▶ [Given entries]
----
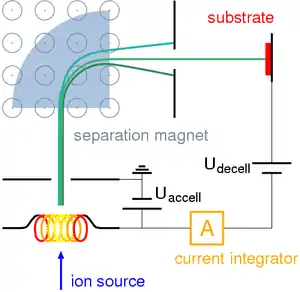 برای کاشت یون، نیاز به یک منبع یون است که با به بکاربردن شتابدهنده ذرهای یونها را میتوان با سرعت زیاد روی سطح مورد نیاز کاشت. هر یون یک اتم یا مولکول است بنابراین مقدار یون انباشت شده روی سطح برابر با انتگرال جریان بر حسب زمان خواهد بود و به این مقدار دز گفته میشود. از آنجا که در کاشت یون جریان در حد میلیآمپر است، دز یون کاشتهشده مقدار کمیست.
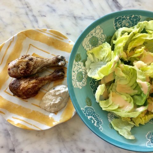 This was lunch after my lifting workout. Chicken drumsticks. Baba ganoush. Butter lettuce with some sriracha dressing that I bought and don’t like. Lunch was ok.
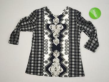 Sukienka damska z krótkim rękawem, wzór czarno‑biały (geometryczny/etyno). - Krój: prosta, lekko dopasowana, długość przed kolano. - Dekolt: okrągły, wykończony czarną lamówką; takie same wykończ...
----
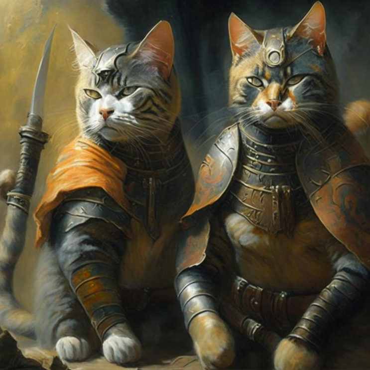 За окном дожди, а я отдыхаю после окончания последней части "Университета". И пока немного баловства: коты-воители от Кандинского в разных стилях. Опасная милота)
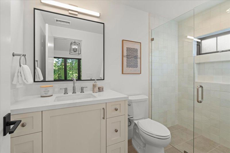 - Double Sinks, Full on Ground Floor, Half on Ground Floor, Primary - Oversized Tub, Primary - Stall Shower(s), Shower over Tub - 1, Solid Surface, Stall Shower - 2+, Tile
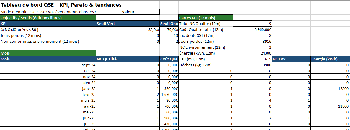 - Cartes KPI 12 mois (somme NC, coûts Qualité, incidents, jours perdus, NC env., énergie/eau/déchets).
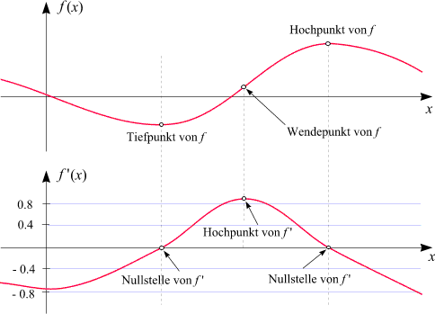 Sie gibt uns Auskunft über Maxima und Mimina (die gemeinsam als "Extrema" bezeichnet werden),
----
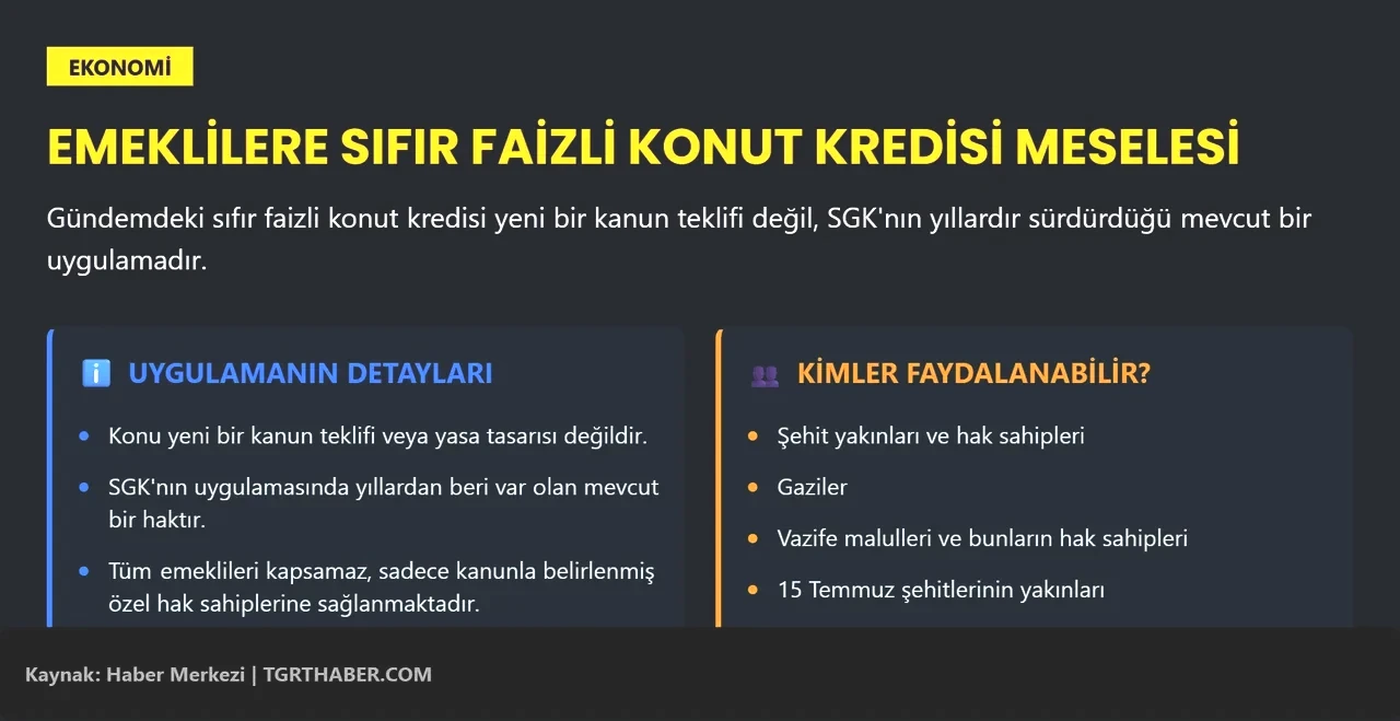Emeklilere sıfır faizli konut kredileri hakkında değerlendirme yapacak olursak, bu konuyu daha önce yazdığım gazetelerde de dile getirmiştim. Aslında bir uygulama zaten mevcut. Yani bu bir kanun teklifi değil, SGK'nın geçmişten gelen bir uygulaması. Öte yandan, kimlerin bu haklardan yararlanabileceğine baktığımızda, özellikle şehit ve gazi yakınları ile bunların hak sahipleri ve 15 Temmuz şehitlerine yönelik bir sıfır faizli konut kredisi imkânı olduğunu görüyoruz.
----
Copy only what lies between the line with "- Double Sinks, Full" and the line with "Sie gibt uns", those two lines included, exactly as given above; pictures stay out.

▶ [Solved problem]
 - Double Sinks, Full on Ground Floor, Half on Ground Floor, Primary - Oversized Tub, Primary - Stall Shower(s), Shower over Tub - 1, Solid Surface, Stall Shower - 2+, Tile
 - Cartes KPI 12 mois (somme NC, coûts Qualité, incidents, jours perdus, NC env., énergie/eau/déchets).
 Sie gibt uns Auskunft über Maxima und Mimina (die gemeinsam als "Extrema" bezeichnet werden),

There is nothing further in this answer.